Die gute Nachricht schlechthin: Keiner muss auf Lebkuchen verzichten, denn das ist eine traditionelle Fastenspeise :). Dies wissend, macht es doch noch mehr Spaß, Elisenlebkuchen selbst zu backen (idiotensicheres und ohne Oblate auch glutenfreies Rezept hier). Auch traditionelles Früchtebrot („Hutzelbrot“) kann man backen und sich damit geschmackvoll den Advent versüßen – macht den Schoko- und Keksverzicht deutlich dankbarer!

9. Singen!

Nichts macht sensibler für das Gepräge des Advent, als die adventlichen Lieder. Es lohnt sich, Weihnachtslieder wirklich erst an Weihnachten zu singen und bis dahin das adventliche Liedgut auszuschöpfen. Trefft euch mich Freunden zum Liedersingen! Wenn man das auf dem Weihnachtsmarkt macht, bekommt man vielleicht sogar einen Glühwein ausgegeben.
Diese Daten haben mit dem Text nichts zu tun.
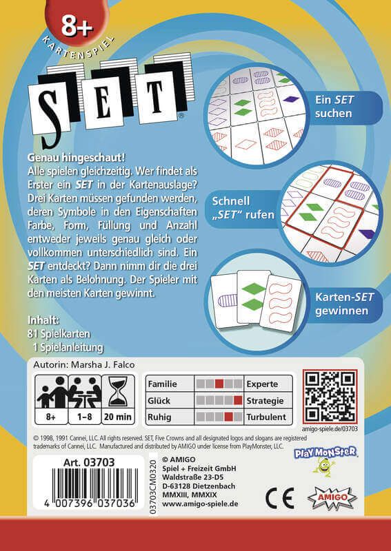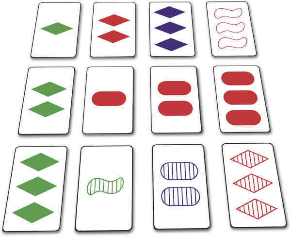 Alle spielen gleichzeitig. Wer findet als Erster ein SET in der Kartenauslage auf dem Tisch? Dazu müssen die Symbole auf drei Karten die richtige Farbe, Form, Füllung und Anzahl haben. Wer ein SET entdeckt hat, darf sich die Karten als Belohnung nehmen. Wer am Ende die meisten Karten hat, gewinnt.SET® – eine Herausforderung für bis zu 8 Spieler!
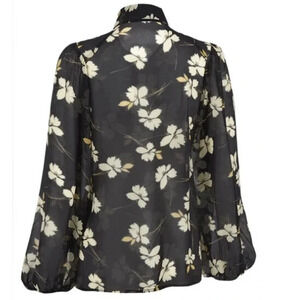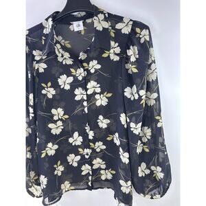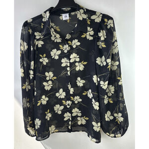 CAbi Cosmo Blouse Black Floral Chiffon Sheer Button Front Top 4159 Size Large

Aber auch zu Hause bei Kerzen macht ein Adventsliedersingen Spaß.

Übrigens fällt eines auf: Gerade das deutsche Liedgut ist besonders reich in der Tradition der Adventslieder. Während die Engländer mit ihrem traditionellen Carol-Singing besonders viele schöne Weihnachtslieder haben, und die Polen mit ihrer – für mich etwas süßlichen – Wiegenliedtradition sowieso, wurden die Deutschen, als sie noch ein frommes Volk waren, mit ihrem Hang zur Mystik offenbar von der Adventszeit besonders angezogen: Ein Kind, das da ist, ist etwas ziemlich handfest-irdisches, ein Messias, der noch kommen soll dagegen lädt dazu ein, die eigene Seele als Wohnung für ihn einzurichten bzw. als Braut für ihn herzurichten. Viele sehr alte mittelalterliche (und neuzeitliche) Lieder sind stark auf die heilige Schrift bezogene Gesänge. Die Melodien sind in den Kirchentonarten verfasst (meistens dorisch), und klingen deshalb besonders „archaisch“ und ein wenig herb. Diese Lieder sind komplett kitschfrei, und daher für alle geeignet, die bourgeoise Weihnachtsheimeligkeit nicht leiden können oder zumindest nicht vier Wochen lang ertragen.

Hier empfehle ich übrigens dringend die Fassungen des Evangelischen Gesangbuches. Erstens schöner, zweitens urtümlicher (meistens). Zu meinen Favoriten gehört Luthers berühmt-berüchtigte Verdeutschung des Hymnus „Veni redemptor gentium“ (Nun komm, der Heiden Heiland): Liebevoller Spott bezieht sich in lutherischen Kreisen vor allem auf den epochemachenden, lyrisch und rhythmisch extrem gelungenen Reim in der Strophe „Sein Lauf kam vom Vater her / und ging wieder zum Vatér/ Fuhr hinunter zu der Höll/ und wiedér zu Gottes Stuhl.“ Allerdings möchte man das nicht missen, wenn man damit aufgewachsen ist, und die katholische Fassung ist ziemlich langweilig und nichtssagend.